Speaking of ignorant rulers, maybe this is in some sense implicit in your "network dynamics" or "Governance, Management, & Organization" categories, but I think it deserves special attention: a major obstacle to technological development always and everywhere is violence, in a couple of different forms. First, outright witch-burning is a constant threat, as experienced by Giordano Bruno, the Maya codices, Steve Kurtz, Aaron Swartz, Charles Lieber, and numerous others; second, and not entirely separate, unfreedom, expropriation, and wanton destruction, all by means of collective violence, destroyed Shuman's Solar Engine One, the first RepRap, Archimedes' life, Galileo's career, and Zuse's Z1, and nipped many other promising developments in the bud.
But such violence does not arise in isolation; it proceeds from a social climate that nurtures and foments it, which can impede progress even when it doesn't erupt into outright vandalism and murder. So I think there's a certain necessary element of tolerance and admiration of technical excellence whose lack strangles any hope of progress in most social climates. Not only did they laugh at Fulton, the Wright Brothers, and Bozo the Clown, they laughed at William Kamkwamba; how many other Kamkwambas has Malawi lost that way?
________________
† It isn't true that lanthanoids don't form ores at all; monazite and bastnäsite are ores of lanthanoids (as well as actinoids). Cerium in the earth's crust, for example, is about 60 ppm on average, but typically almost half (which would be 500 000 ppm) of either of these ores, so it's more concentrated there by three or four orders of magnitude.
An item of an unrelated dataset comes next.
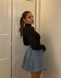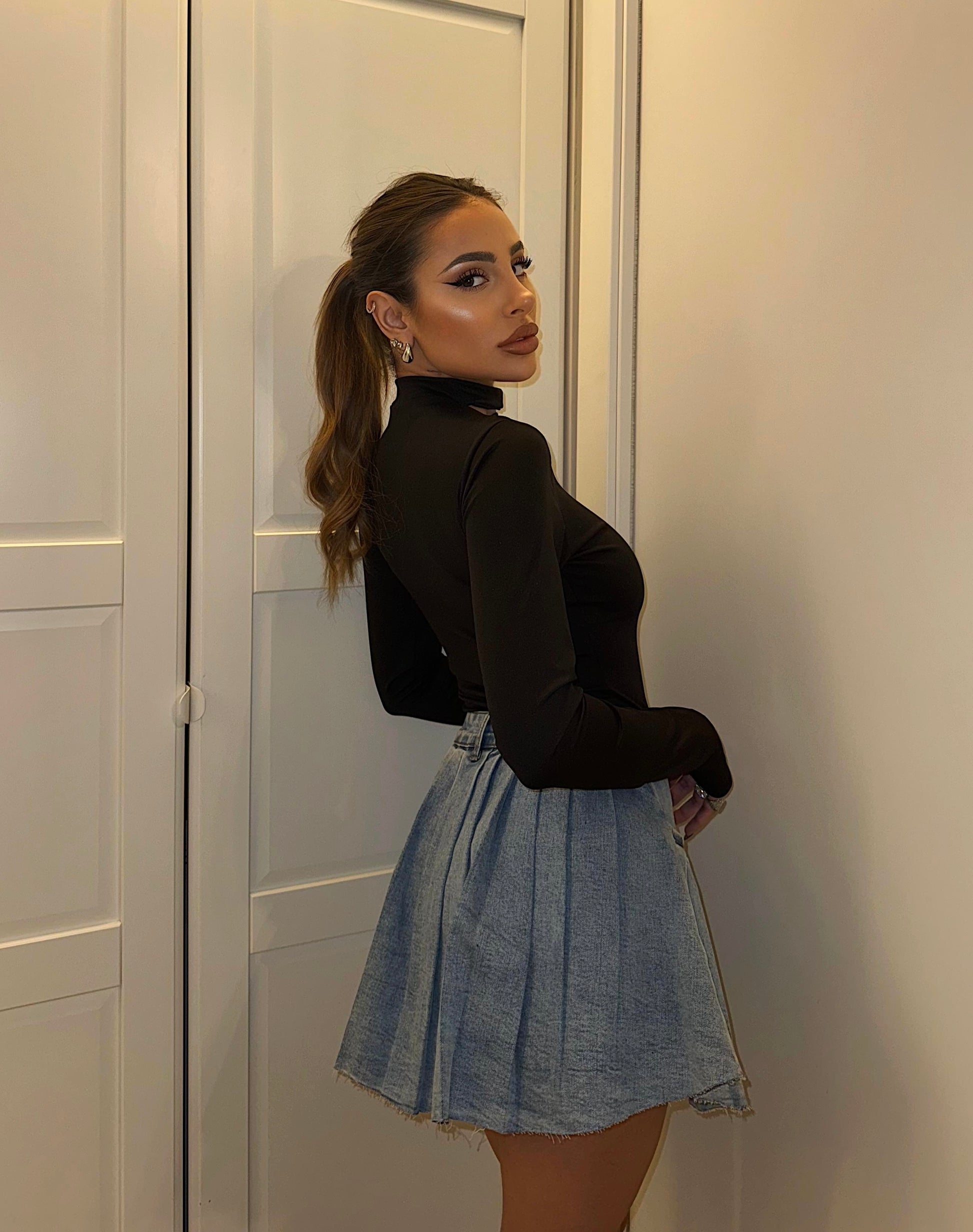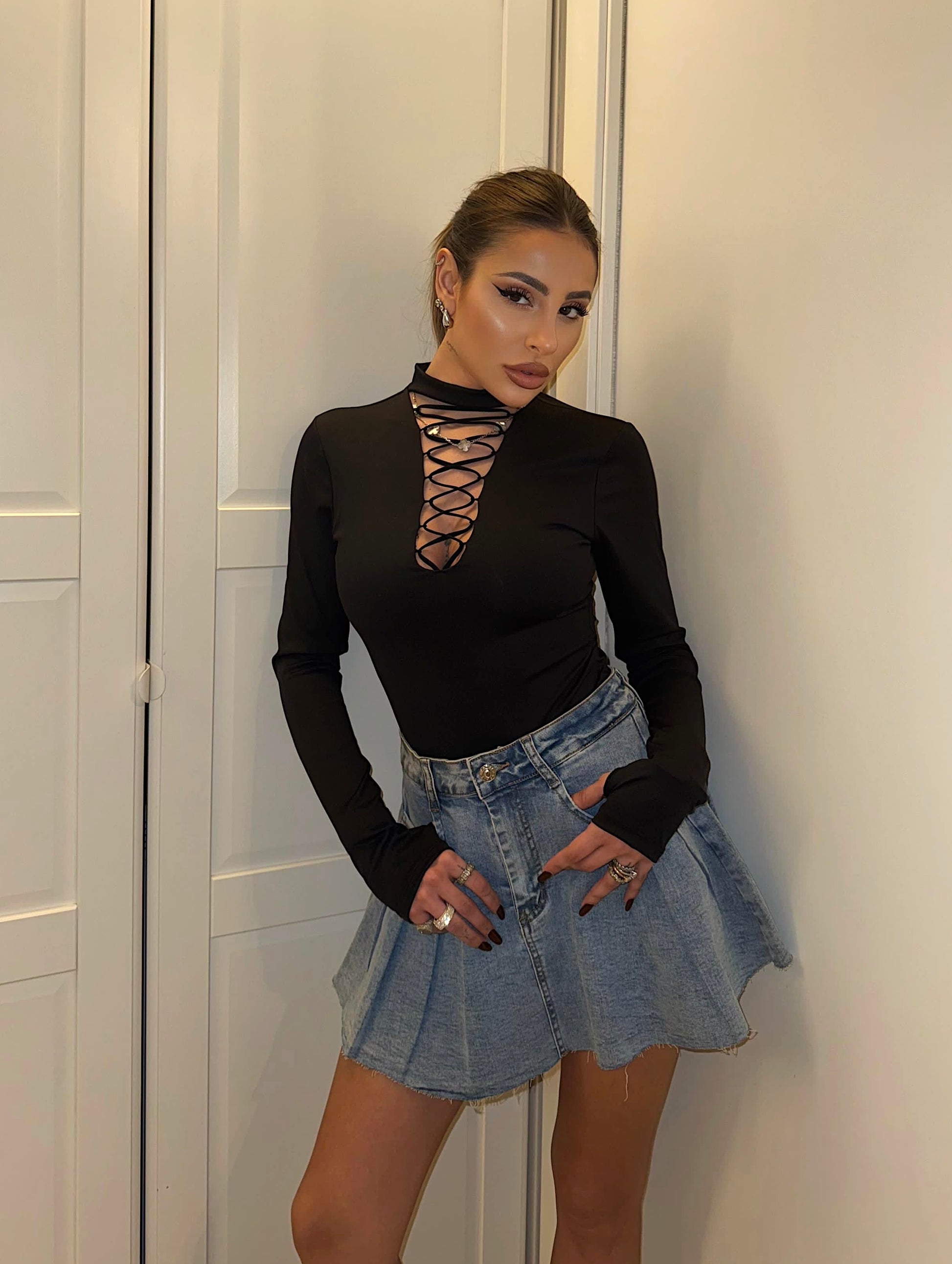Body negro en lycra ajustada y elástica sin copas con cordones en la parte delantera.

The difficulty is that they all form the same ore because they're damn near identical, chemically speaking, which is why many of them were among the last elements to be isolated. But this is very much not the case with landfill, in which the lanthanoids are conveniently separated not only from one another but from the hazardous actinoids — although cigarette-lighter flints have many lanthanoids, if you're mining catalytic converters, they'll be entirely free of both thorium and lanthanum.